The 2004 death of Alonzo Brooks, a 23-year-old black man who disappeared after attending a party in Kansas, has been ruled a homicide following a new autopsy, The Associated Press reports.
Brooks’ body was exhumed from a cemetery in Topeka, Kansas, last year and was reviewed by a federal forensic examiner at Dover Air Force Base in Delaware. The FBI re-opened its investigation into Brooks’ death in 2019, while last summer they offered a $100,000 reward for any information that could lead to a conviction; not long after that, Brooks’ case was featured on the reboot of Unsolved Mysteries on Netflix.
The new autopsy focused on injuries to parts of Brooks’ body that the examiner said were inconsistent with normal decomposition patterns. Duston Slinkard, the acting Attorney General for the District of Kansas, said in a statement, “We knew that Alonzo Brooks died under very suspicious circumstances. This new examination by a team of the world’s best forensic pathologists and experts establishes it was no accident. Alonzo Brooks was killed. We are doing everything we can, and will spare no resources, to bring those responsible to justice.”
Since re-opening the investigation, the FBI has looked at Brooks’ death as a “potential racially motivated crime” (per a 2020 press release from the U.S. Attorney’s Office in Kansas). Brooks was one of three black men at the party he attended in La Cygne, Kansas, in April 2004, where about 100 people total were in attendance; Brooks’ friends left the party before him, leaving him with no ride home.
Brooks’ family reported him missing to the Linn County Sheriff’s Office when he didn’t come home the following day, but the police found nothing during their search. Nearly one month later, Brooks’ friends and family organized their own search; they found Brooks’ body in a creek within an hour.

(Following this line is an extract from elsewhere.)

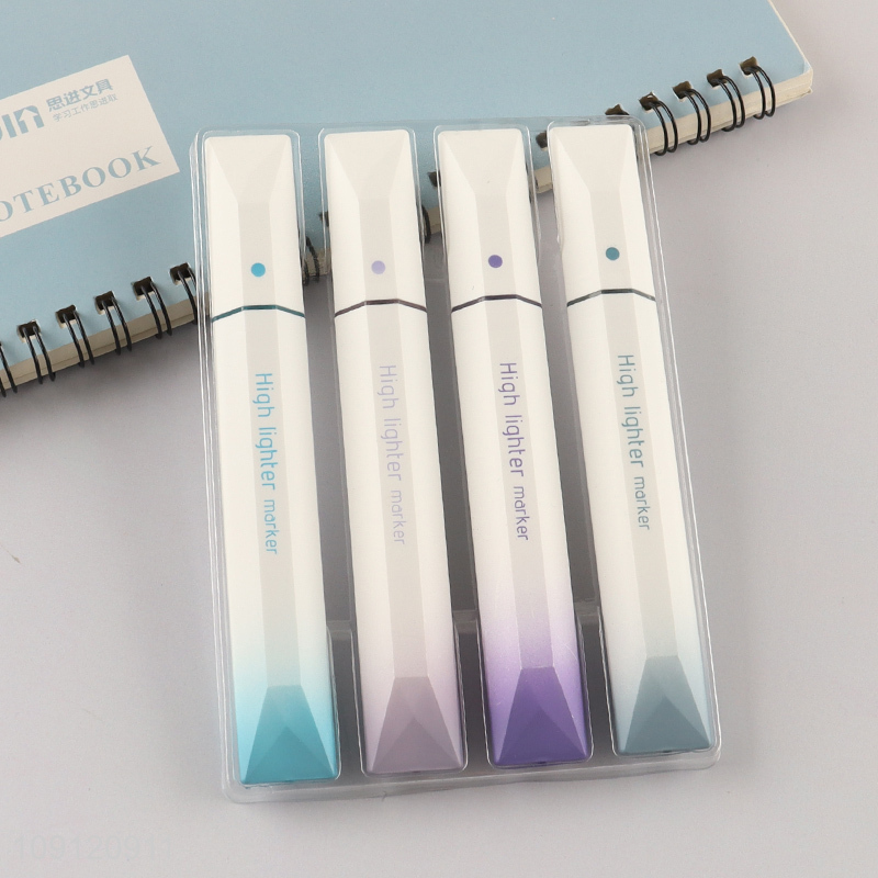 New product 4pcs school office stationery soft head highlighter pen set

While federal authorities still have not charged any suspects, the investigation has turned up rumors of possible motives for Brooks’ death. From that 2020 press release: “Some said Brooks may have flirted with a girl, some said drunken white men wanted to fight an African-American male, and some said racist whites simply resented Brooks’ presence. After the party, two troubling facts were indisputable: Alonzo could not be found, and no one who attended the party would admit to knowing what happened to him.”